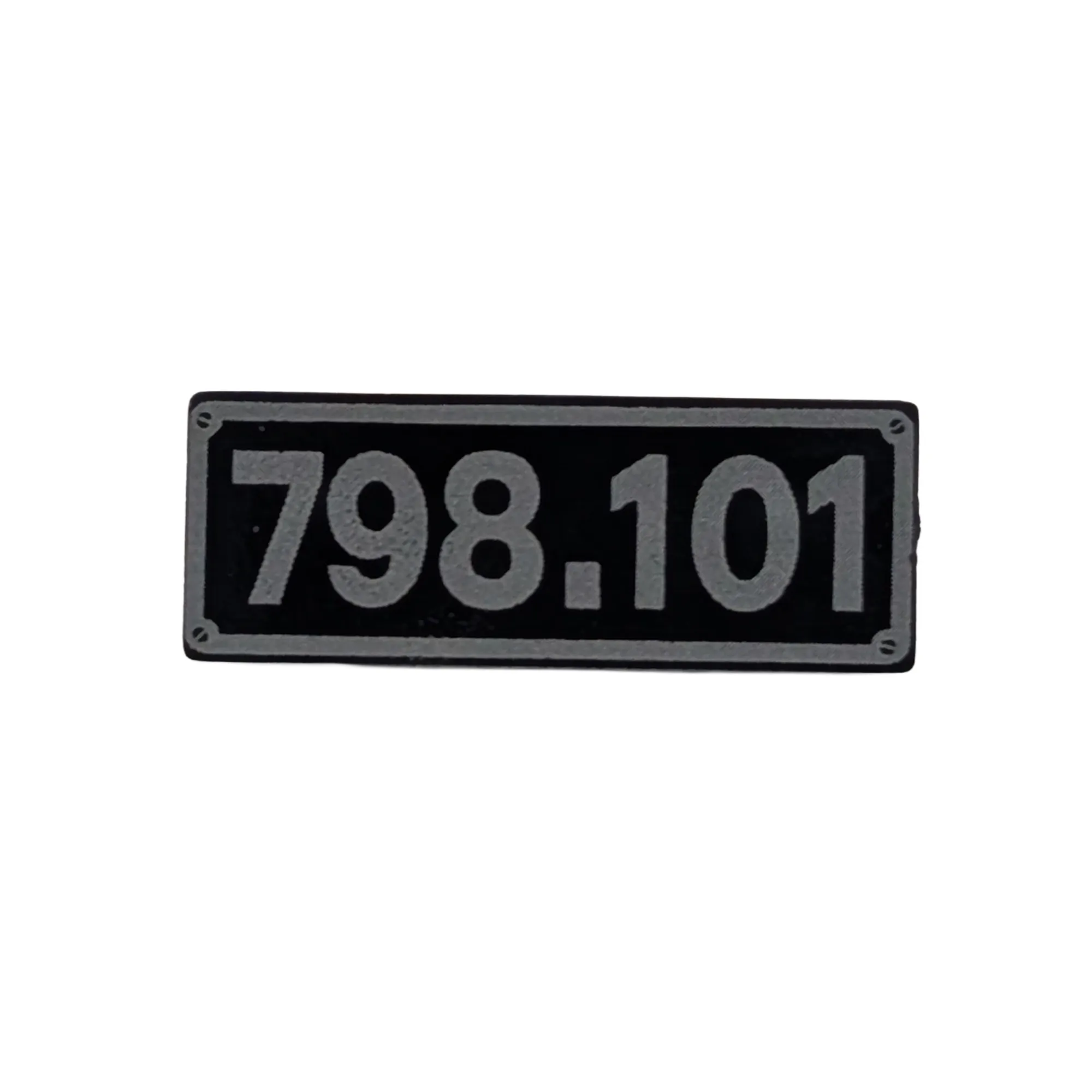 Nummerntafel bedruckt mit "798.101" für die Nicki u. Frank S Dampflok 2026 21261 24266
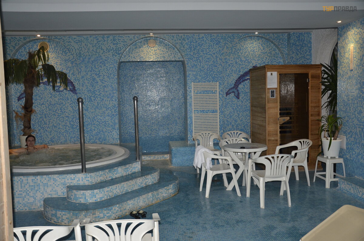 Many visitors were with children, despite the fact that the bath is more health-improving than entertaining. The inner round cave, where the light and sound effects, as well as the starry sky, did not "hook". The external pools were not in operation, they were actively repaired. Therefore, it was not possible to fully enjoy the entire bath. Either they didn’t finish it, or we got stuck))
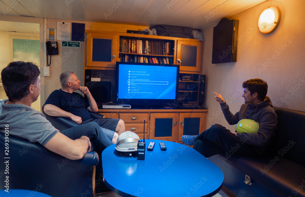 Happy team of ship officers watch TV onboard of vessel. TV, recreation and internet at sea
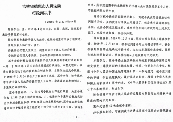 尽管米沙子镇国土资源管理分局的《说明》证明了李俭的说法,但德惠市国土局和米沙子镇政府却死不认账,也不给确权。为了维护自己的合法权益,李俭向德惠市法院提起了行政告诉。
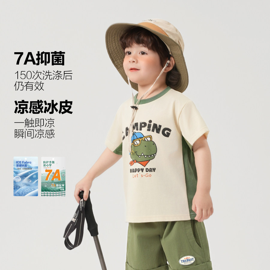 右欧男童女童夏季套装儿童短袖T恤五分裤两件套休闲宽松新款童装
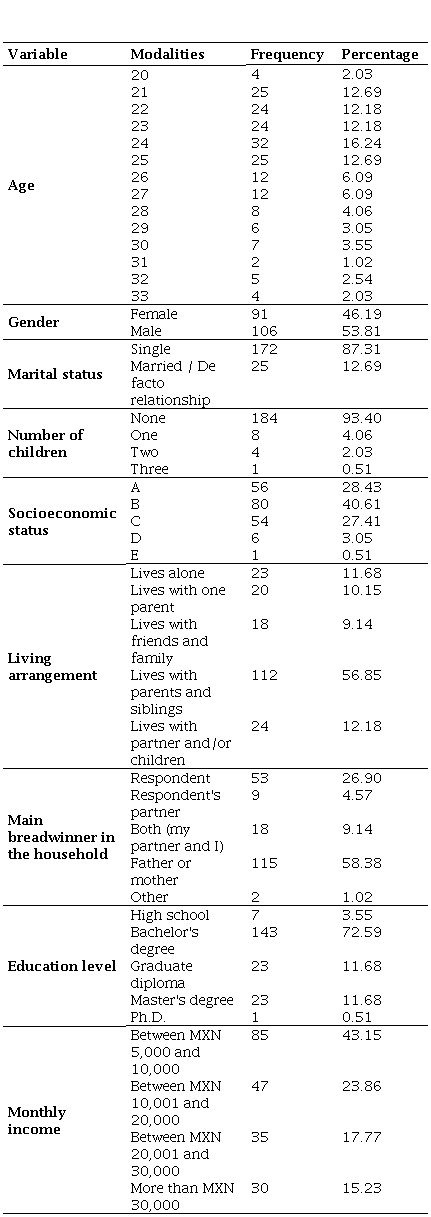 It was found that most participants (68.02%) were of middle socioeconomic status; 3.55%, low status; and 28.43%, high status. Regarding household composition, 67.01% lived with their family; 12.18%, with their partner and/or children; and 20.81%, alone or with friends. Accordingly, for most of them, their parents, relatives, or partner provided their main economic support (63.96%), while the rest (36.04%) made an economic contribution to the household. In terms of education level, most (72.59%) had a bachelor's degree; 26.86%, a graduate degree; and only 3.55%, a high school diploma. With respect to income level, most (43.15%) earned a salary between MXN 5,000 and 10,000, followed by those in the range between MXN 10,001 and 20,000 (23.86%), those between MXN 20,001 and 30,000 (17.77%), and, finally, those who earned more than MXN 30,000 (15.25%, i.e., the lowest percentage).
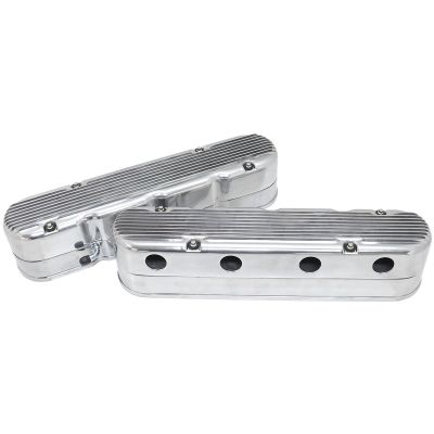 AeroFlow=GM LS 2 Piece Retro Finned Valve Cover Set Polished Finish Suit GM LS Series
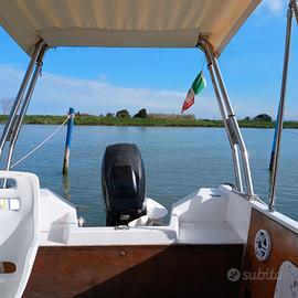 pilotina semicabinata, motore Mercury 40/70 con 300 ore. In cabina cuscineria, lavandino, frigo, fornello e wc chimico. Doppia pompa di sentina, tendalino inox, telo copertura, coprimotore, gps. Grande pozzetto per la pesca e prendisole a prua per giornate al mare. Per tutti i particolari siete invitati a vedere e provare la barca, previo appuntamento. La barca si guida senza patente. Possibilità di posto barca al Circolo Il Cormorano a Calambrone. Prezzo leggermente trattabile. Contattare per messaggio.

▶ **Exercise directions**: Would you copy out, exactly and with no pictures, only the lines above from the one that contains "Many visitors were" through the one that contains "右欧男童女童夏季套装儿童短袖T恤五分裤两件套休闲宽松新款童装"?

▶ **Solution to this problem**:
 Many visitors were with children, despite the fact that the bath is more health-improving than entertaining. The inner round cave, where the light and sound effects, as well as the starry sky, did not "hook". The external pools were not in operation, they were actively repaired. Therefore, it was not possible to fully enjoy the entire bath. Either they didn’t finish it, or we got stuck))
 Happy team of ship officers watch TV onboard of vessel. TV, recreation and internet at sea
 尽管米沙子镇国土资源管理分局的《说明》证明了李俭的说法,但德惠市国土局和米沙子镇政府却死不认账,也不给确权。为了维护自己的合法权益,李俭向德惠市法院提起了行政告诉。
 右欧男童女童夏季套装儿童短袖T恤五分裤两件套休闲宽松新款童装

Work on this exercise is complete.